Hz. Peygamber aleyhissalatu vesselam umumiyetle bilinen bir hadislerinde “Siz layık olduğunuz şekilde idâre edilirsiniz” buyurmaktadır(1). Münavi hadisi şöyle anlar: “Eğer siz Allaha karşı müttaki olur, ikabından (cezasından) korkarsanız Allah da üzerinize, sizin hakkınızda kendisinden (yani Allahtan) korkup iyi davranacak kimseleri idareci kılar”. Münavî, bu hadisi destekleyici mahiyette olmak üzere “Münzel kitaplardan birinden” alındığını belirttiği şu rivayeti kaydeder(2):
“Cenab-ı Hak şöyle buyuruyor: “Ben Allahım! Meliklerin Melikiyim. Meliklerin kalbleri [ve dizginleri] benim elimdedir. Eğer kullar, bana itaat ederlerse, melikleri[n kalblerini] onlara karşı müşfik kıllarım. Eğer bana âsi olurlarsa melikleri[n kalblerini] onlara karşı zalim [ve ceza (verici)] kılarım. Onlar da bunlara çok kötü muamelede bulunurlar. Durum böyle olunca meliklere sebbetmekle (küfür, lanet, kınama, hakaret vs.) meşgul olmayın, aksine kendinizi zikir ve tazarru ile meşgul edin. Meliklerinizin hakkından size bedel Ben gelirim (sizi şerlerinden korurum)”. Münavî, bu rivayetin senedinden gelen zaafı telafi etmek üzere olacak, sadedinde olduğumuz hadisin şerhinde Aleyhissalatu vesselamın şu duasını (3) hatırlatır: “Allahım, (günahımız sebebiyle) bizlere merhameti olmayanları bize musallat etme”.

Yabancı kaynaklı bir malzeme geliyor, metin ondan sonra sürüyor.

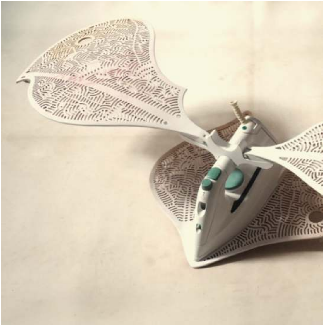
"electro.no domesticado" , 2014, 100cm; altura: 24,5 cm.; largo: 43,5 cm. materiales: materiales 95 % reciclados, una plancha usada, restos de una silla en madera de castaño, contrachapado de cajas de frutas, pintura blanca, barniz. las alas se pueden articular manualmente.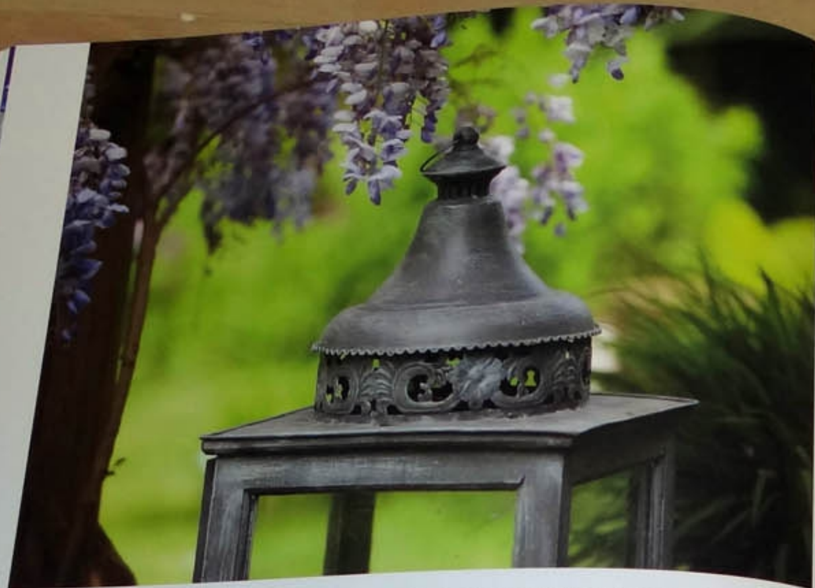
U góry i po prawej Dekoracje decydują o charakterze przestrzeni.

Yine Münavî, Taberânînin Kabull-Ahbardan naklettiği şu vakayı kaydeder: “Ben Ömer İbnu Abdilazizin yanında otururken Haccâc-ı Zâlimin ismi geçmişti, ben hemen onun hakkında küfür ve hakaret dolu sözler sarf etmeye başladım.. Bunun üzerine Ömer:
-Ey Rabâh ağır ol! Zira bana ulaştığına göre Aleyhissalatu vesselam şöyle buyurmuşlardır: “Şurası muhakkak ki, kişi, bir surette zulüm yapar. Zulme uğrayan da ona kötü sözler söylemeye başlar. Bu sözleriyle zâlimin derecesini düşürür. Öyle düşürür ki hakkını eksiksiz alır, daha da devam ederse, zâlim ondan faziletli duruma çıkar” (4). Belki de bu sebeple, Ömer İbnu Abdilazizin şöyle dua ettiği rivayet edilir: “Ey Allahım! Islah olması halinde Muhammed ümmetine faydalı olacak kimseyi ıslah et, helâki Muhammed ümmetinin ıslahına yarayacak olanı da helak et!”. (5)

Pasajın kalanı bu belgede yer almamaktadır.